China Bantah Tuduhan AS Langgar Kesepakatan Perdagangan

- China menolak klaim AS tentang pelanggaran kesepakatan tarif baru-baru ini.
- Kementerian Perdagangan China menyatakan telah menjunjung tinggi kesepakatan tersebut, sementara AS memberlakukan tindakan pembatasan diskriminatif terhadap Beijing.
- Menteri Keuangan AS menyarankan panggilan telepon antara Trump-Xi untuk menyelesaikan perbedaan, namun China tidak merespons rencana tersebut.
Jakarta, IDN Times - China telah dengan tegas menolak klaim Amerika Serikat (AS) bahwa mereka melanggar kesepakatan tarif baru-baru ini. Hal tersebut terkait dengan perjanjian perdagangan bilateral yang dicapai di Jenewa pada Mei, tentang pengurangan tarif selama 90 hari.
"AS telah membuat tuduhan palsu dan secara tidak masuk akal menuduh China melanggar konsensus yang sangat bertentangan dengan fakta," kata Kementerian Perdagangan China dalam sebuah pernyataan pada Selasa (2/6/2025), dikutip dari The Straits Times.
Pekan lalu, para pejabat AS, termasuk Menteri Perdagangan Howard Lutnick dan Presiden Donald Trump, menuduh China memperlambat perjanjian dan melanggar sepenuhnya kesepakatan itu. Namun, pihaknya tidak memberi rincian spesifik dari dugaan pelanggaran tersebut secara konsisten.
1. China menuding AS melakukan tindakan pembatasan diskriminatif
Kementerian tersebut juga menyatakan bahwa China telah melaksanakan dan secara aktif menjunjung tinggi kesepakatan tersebut. Sementara, Washington telah memperkenalkan sejumlah tindakan pembatasan diskriminatif terhadap Beijing.
Langkah-langkah itu termasuk mengeluarkan panduan tentang kontrol ekspor chip kecerdasan buatan (AI), menghentikan penjualan perangkat lunak desain chip, dan mencabut visa bagi pelajar China.
"Pemerintah AS secara sepihak dan berulang kali memprovokasi ketegangan ekonomi dan perdagangan baru. Hal ini memperburuk ketidakpastian dan ketidakstabilan dalam hubungan ekonomi dan perdagangan bilateral," kata kementerian tersebut.

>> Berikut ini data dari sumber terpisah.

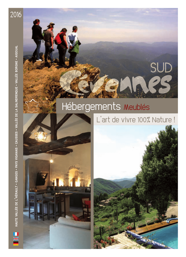 haute vallée de l’hérault - ganges - pays viganais - causses - vallée de la salindrenque - vallée borgne - aigoual 2016 Sud Hébergements Meublés L’art de vivre 100% Nature ! Bienvenue en Sud Shhh Listen… The soothing silence, barely disturbed by the tinkling bells of the herd returning to the barn, the rustle of the feather grass caught by the light breeze on the Causse ... Observatoire du Mont Aigoual Psst… Hören Sie die Stille... sie wird nur von den hellen Glöckchen der Schafe, die in den Stall zurückkehren unterbrochen. Begleitet von Jean-Charles, trafen wir heute einen Hirten, der uns seinen Beruf, seine Leidenschaft, und sein Leben vorstellte. Abends werden wir die Diskussion mit unserem Gastgeber fortzusetzen. Er gehört zu den Botschaftern der „Causses und Cevennes“. Diese Botschafter sind Freiwillige die dazu beitragen dieses, seit 2011 zum UNESCOWeltkulturerbe gehörende Gebiet, zu fördern und zu verteidigen. Today escorted by Jean-Charles, we met a shepherd. We learn about his trade, his passion, his life. Later with our host, a Tourism Ambassador of the Causses et Cevennes, we’ll carry on the conversation. Thanks to this network of volunteers that was formed to protect and promote the values attached to this territory, (registered as UNESCO World Heritage Site since 2011), we enter the heart of the Causses and the Cevennes. Tomorrow we leave early with Gael, a Cevennes National Park monitor, to meet mouflons (big horn mountain sheep). Let’s hope they are not too shy to be gazed at! You will always find the activity that suits you. When the evening come, we meet around a nice pie made of Cévennes own sweet onions, some Pélardon with a drizzle of honey,... all washed down with a glass of apple juice from Le Vigan apple or a nice AOP Languedoc wine! Listen, feel, see, smell, taste ... At the heart of a national park and a UNESCO World Heritagein South Cevennes, live your holiday like never before! Aber es ist jetzt Zeit, uns auszuruhen um Kraft zu tanken. Morgen werden wir sehr früh mit Gael in Richtung Nationalpark aufbrechen, um Mufflons zu beobachten. Ich hoffe, sie sind nicht zu schüchtern und lassen sich auch sehen! Nachher gibt es einen sportlichen Nachmittag mit einer ganzen Reihe von Aktivitäten im Freien! Jeder kann hier finden was ihm gefällt! Wir finden uns abends mit Freuden auf ein Glas AOP aus dem Languedoc zusammen, mit einem Zwiebelkuchen aus den einmaligen Süßzwiebeln der Cevennen, oder einem Stück Pelardon-Ziegenkäse mit oder ohne Honig... ohne natürlich die Maronen-Konfiture zu vernachlässigen, oder den berühmten Reinette -Apfelsaft aus Le Vigan. 2 Im Herzen des Naturschutzgebietes und dem von der Unesco ausgezeichneten Weltnaturerbe, erleben Sie hier mit allen Sinnen eine ganz aussergewöhnliche Ferienzeit. Cirque de Navacelles Sommaire Chut … Écoutez… le silence si doux, juste égayé par le tintement des cloches du troupeau qui rentre à l’étable, par le murmure de la brise qui fait danser les cheveux d’ange sur le Causse… Aujourd’hui accompagnés par Jean-Charles, nous sommes allés à la rencontre d’un berger. Nous avons découvert son métier, sa passion, sa vie. Plus tard, chez notre hôte, ambassadeur touristique des Causses et des Cévennes, nous poursuivrons la discussion. Grâce à ce réseau de volontaires qui s’est constitué, afin de défendre et promouvoir les valeurs attachées à ce territoire, inscrit au Patrimoine Mondial de l’UNESCO depuis 2011, on entre au cœur des Causses et des Cévennes. Demain nous partons de bonne heure avec Gaël, garde moniteur au Parc national des Cévennes, à la rencontre des mouflons. Souhaitons que ceux-ci ne soient pas trop timides et veuillent bien se laisser observer ! Après midi sportive avec tout un panel d’activités de pleine nature ! Vous trouverez forcément celle qui vous ressemble. Le soir nous nous retrouverons avec bonheur, autour d’une tarte à l’oignon doux des Cévennes, d’un morceau de Pélardon, accompagné d’un peu de miel, sans oublier… le tout arrosé d’un verre de jus de pomme de reinette du Vigan ou d’un joli AOP du Languedoc ! Grotte des Demoiselles Écouter, ressentir, observer, humer, savourer… Au cœur d’un Parc national et d’un territoire inscrit au patrimoine mondial de l’UNESCO en Sud Cévennes, vivez des vacances hors du commun ! Parc national des Cévennes The Cévennes National Park Cevennen National Park 4 Patrimoine mondial de l’Unesco 6 World Heritage UNESCO Weltkulturerbe Pictogrammes / Labels Pictograms Piktogramme 8 Marchés10 Markets Markets Meublés de tourisme Vacation rental Möblierte Ferienwohnungen 10 Villages vacances Holiday villages Feriendorf Gästezimmer 47 Produits du terroir Local products Lokale produkte 48 Offices de tourisme Tourist Offices Fremdenverkehrsämter 49 Carte Sud Cévennes Map Landkarte 50 3 The Cévennes National Park The Cevennes National Park was established in 1970. It is one of 10 national parks in France. The Cévennes National Park consists of two zones: the central zone and the membership zone. The central zone is the jewel of the Park, a quite exceptional territory that must be preserved for future generations. The Cévennes national Park was declared a UNESCO Biosphere Reserve in 1985. A Biosphere Reserve reconciles preserving biodiversity with promoting economic and social development and maintaining related cultural values. In 2011, it is the Mediterranean agro-pastoral cultural landscapes of Causses and Cévennes have been inscribed on the UNESCO list of World Heritage Der Nationalpark der Cévennen Der Nationalpark der Cévennen, 1970 gegründet, ist einer von zehn französischen Nationalparks. Dieses landschaftliche Kleinod besteht aus einer Kernzone – ein auβergewöhnliches Gebiet, das geschützt ist und auf dem darum bestimmte Regeln gelten – und aus einer Beitrittszone, die sich aus jenen Gemeinden zusammensetzt, die die Charta des Nati

Beijing memperingatkan akan mengambil tindakan tegas dan keras, guna melindungi kepentingan nasionalnya.
2. AS klaim akan ada pembicaraan antara Trump-Xi via telepon

Pada Minggu (1/6/2025), Menteri Keuangan AS, Scott Bessent, menyarankan bahwa panggilan telepon antara Presiden AS Donald Trump dan Presiden China Xi Jinping dapat menyelesaikan perbedaan-perbedaan tersebut. Selain itu, AS juga menuduh China menahan ekspor beberapa produk yang telah disetujui untuk dirilis, termasuk tanah jarang.
Terkait kapan panggilan telepon antara Trump-Xi dapat dilakukan, Bessent berkata, 'Saya yakin kita akan segera melihat hasilnya'. Namun, dalam pernyataan Kementerian Perdagangan China pada 2 Juni tidak menyebutkan adanya pembicaraan yang direncanakan antara kedua pemimpin tersebut.

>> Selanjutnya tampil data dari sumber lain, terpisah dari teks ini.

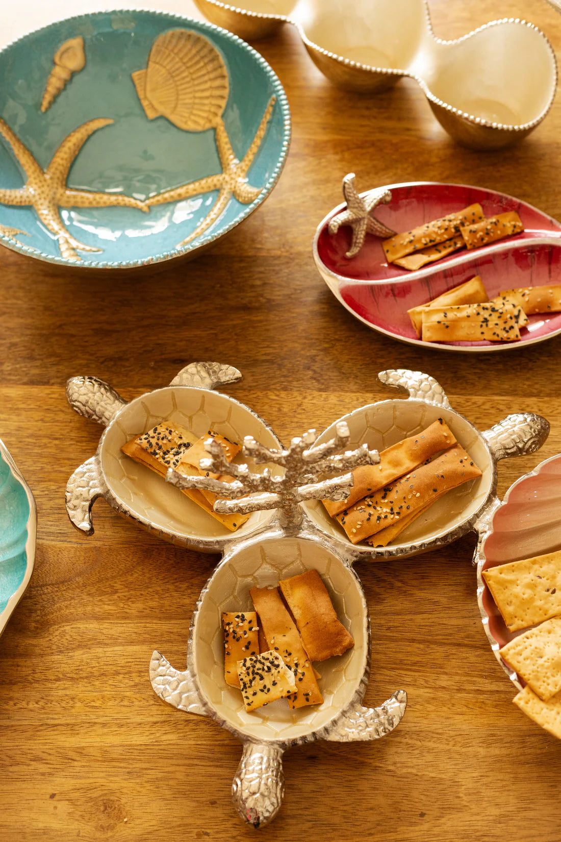 Add a whimsical touch to your table with the 3 Section Turtle Condiment Server. Crafted with hand-polished aluminium, this server features three charming compartments, each shaped like a turtle shell, perfect for presenting an array of condiments, appetizers, or snacks. The interiors are lined with a smooth, easy-to-clean finish, while the detailed turtle design brings a playful, coastal elegance to any setting. Ideal for gatherings, parties, or everyday use, this server combines functional design with delightful seaside artistry.
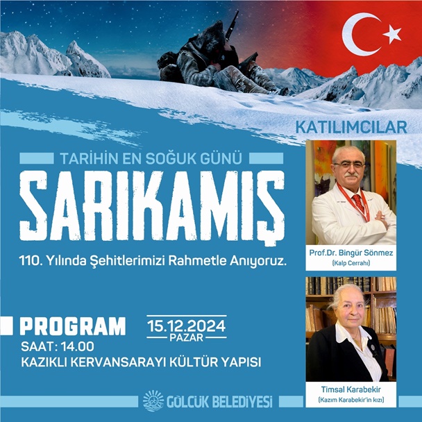 Binlerce kahraman Türk askerinin şehit olduğu Sarıkamış harekâtının 110. yılı etkinlikleri kapsamında; Gölcük Belediyesi’nin ev sahipliğinde, 15 Aralık Pazar günü saat 14.00’da, Kervansaray Kültür Yapısı’nda “Tarihin En Soğuk Günü” konulu söyleşi düzenlenecek. Prof. Dr. Bingür Sönmez, Kurtuluş Savaşı'nın kahraman komutanları arasında yer alan Kazım Karabekir’in kızı Timsal Karabekir’in katılacağı söyleşide, harekâtın önemi ve harekât sırasında yaşananlar hakkında katılımcılara önemli bilgiler aktarılacak.
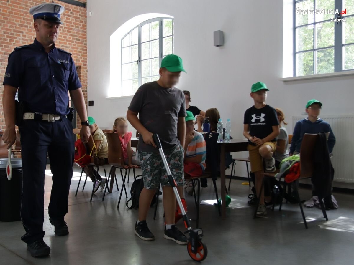 W poniedziałek 8 sierpnia policyjny profilaktyk oraz policjanci z Wydziału Ruchu Drogowego z zabrzańskiej Komendy, spotkali się z uczestnikami półkolonii. Zajęcia odbyły się na terenie Łaźni Łańcuszkowej w Zabrzu, a tematem była służba w Policji. W trakcie zajęć rozmawiano z uczestnikami o charakterystyce zawodu Policjanta.

3. Trump tidak puas dengan kesepakatan AS-China

Saham global berakhir bervariasi pada 30 Mei 2025, setelah Trump membuat unggahan media sosial yang menuduh Beijing melanggar perjanjian perdagangan dengan negaranya. Komentar Trump muncul setelah Bessent mengatakan kepada Laporan Khusus Fox News Channel sehari sebelumnya, bahwa pembicaraan perdagangan dengan China sedikit terhenti, dilansir NHK News.
Bulan lalu, kedua negara sepakat untuk memangkas tarif tambahan satu sama lain sebesar 115 poin persentase. AS juga menyerukan akses pasar yang lebih besar dan mengurangi defisit perdagangan bilateral.
Akan tetapi, tampaknya Trump tidak puas dengan tanggapan Beijing. Ketidaksepakatan ini telah menimbulkan kekhawatiran yang berkembang bahwa ketegangan perdagangan kedua negara dapat meningkat lagi, sehingga sangat dibutuhkannya negosiasi di masa mendatang.